Several studies focus on games [24, 25, 26], however, due to their competitive nature, these
agents typically rely on choosing the best actions against a nearly optimal opponent. Conversely,
in collaborative or social settings, modelling and leveraging human behaviour to work along
agents is a highly challenging task [27]. In the context of human-AI co-learning, both entities
can learn from each other and grow together over time[28]. It must be noted that most HAIC
studies operate within well-defined discrete environments, such as overcooked [27]. In contrast,
our work addresses a continuous environment that necessitates collaboration between humans
and agents to generate multi-modal trajectories and collectively achieve a goal.

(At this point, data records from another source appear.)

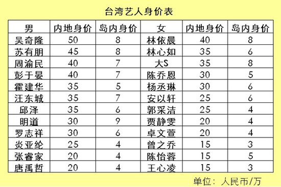 臺(tái)灣藝人身價(jià)表。(圖片來(lái)自網(wǎng)絡(luò))
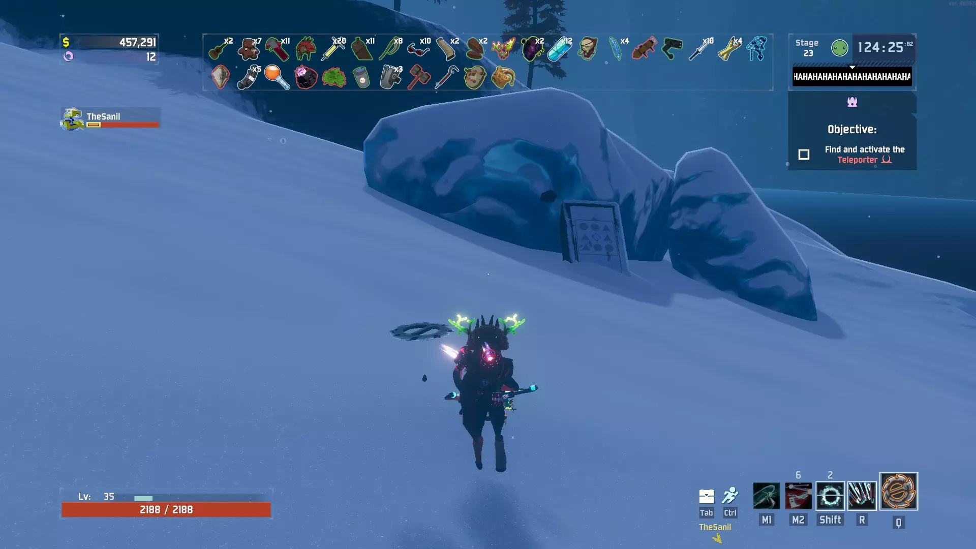 展示《雨中冒险2》神器的位置及图案输入方法。 解锁方式 要解锁每件神器(除“重生”外,详见该部分说明),你需要在壁垒神龛完成一项挑战。若要进入这个隐藏区域,需在天空草地地图下方移动并输入一个图案,然后在图案输入区域后方的屏幕上确认(无需看到图案即可输入)。若输入正确,传送器会开启一个传送门;若输入错误则会失败,你可以重试。 (注意:进入传送门后,你尝试解锁的神器将在本关卡生效,离开关卡后失效。)如果你打算继续你的游戏进程,请注意这一点,因为某些神器可能会改变你的游戏进程,例如“元祖”(Meta)会改变你的幸存者。
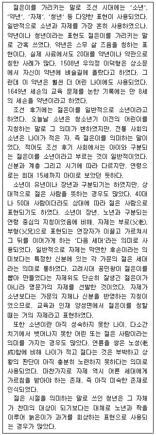 젊은이를 지시하는 말 중 청년이 가장 부정적으로 쓰였다.

   A challenge of deploying dRL models in diverse or previously unexplored environments [29]
is to do so without requiring training from scratch. Especially in HAIC tasks, this process is
time-consuming and demanding, and the extended training periods can negatively affect the
performance of the team. These limitations highlight the importance of a different paradigm
that allows agents to reuse knowledge from one task to a related, yet distinct, task. In RL tasks,
this paradigm is referred to as transfer learning (TL).
   Multiple approaches have been proposed to facilitate knowledge transfer in RL settings [30, 31].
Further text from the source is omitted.